__WHAT YOU ARE ASKED TO DO__:
A verbatim copy is needed of the lines below from the one containing "even better. |" up to and including the one containing "The strong suction", excluding pictures.

__DATASET__:
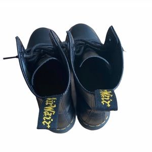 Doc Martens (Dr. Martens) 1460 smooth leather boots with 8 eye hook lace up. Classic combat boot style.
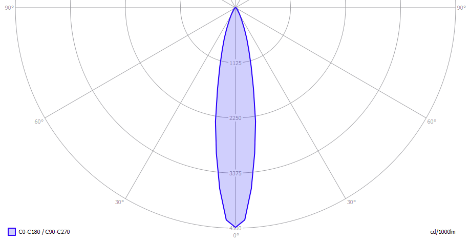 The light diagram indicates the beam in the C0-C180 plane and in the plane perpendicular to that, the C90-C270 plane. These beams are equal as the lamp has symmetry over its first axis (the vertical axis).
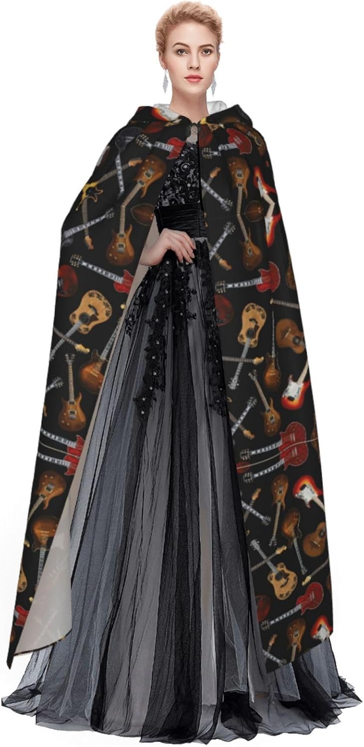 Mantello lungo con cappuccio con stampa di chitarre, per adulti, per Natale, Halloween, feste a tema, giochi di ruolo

* * *

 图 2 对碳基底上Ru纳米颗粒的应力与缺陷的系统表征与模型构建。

* * *

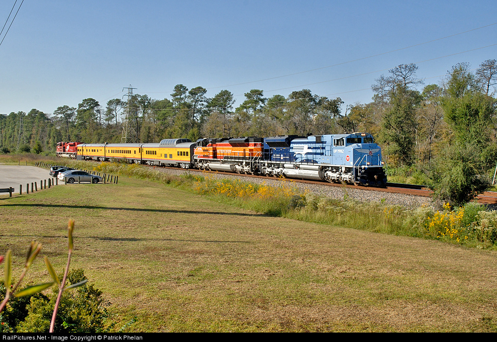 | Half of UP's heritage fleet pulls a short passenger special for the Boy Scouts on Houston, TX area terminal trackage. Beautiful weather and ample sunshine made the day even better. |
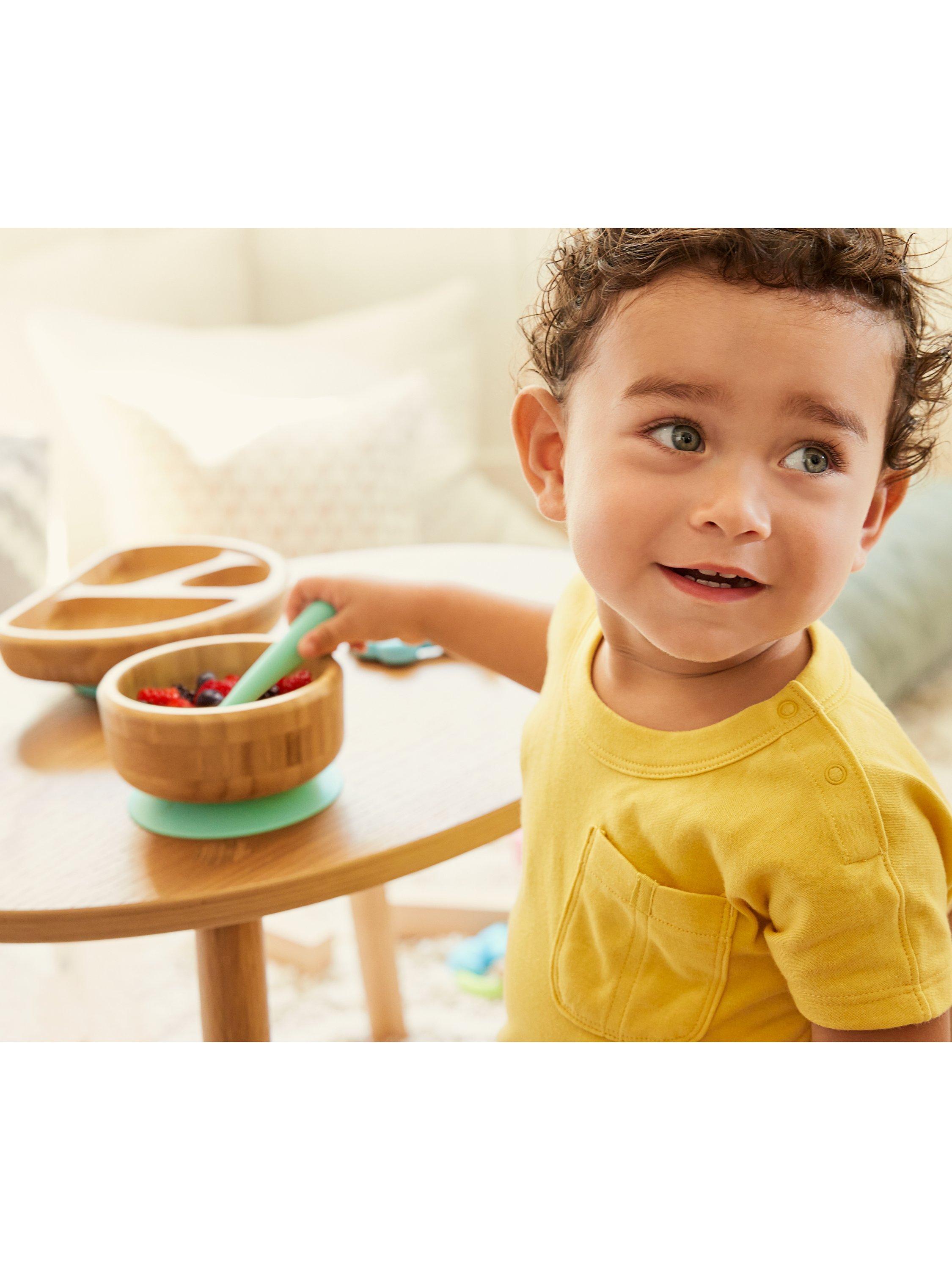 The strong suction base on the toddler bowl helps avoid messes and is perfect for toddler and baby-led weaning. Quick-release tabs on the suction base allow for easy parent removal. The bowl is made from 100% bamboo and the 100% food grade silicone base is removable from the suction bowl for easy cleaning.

__ANSWER__:
 | Half of UP's heritage fleet pulls a short passenger special for the Boy Scouts on Houston, TX area terminal trackage. Beautiful weather and ample sunshine made the day even better. |
 The strong suction base on the toddler bowl helps avoid messes and is perfect for toddler and baby-led weaning. Quick-release tabs on the suction base allow for easy parent removal. The bowl is made from 100% bamboo and the 100% food grade silicone base is removable from the suction bowl for easy cleaning.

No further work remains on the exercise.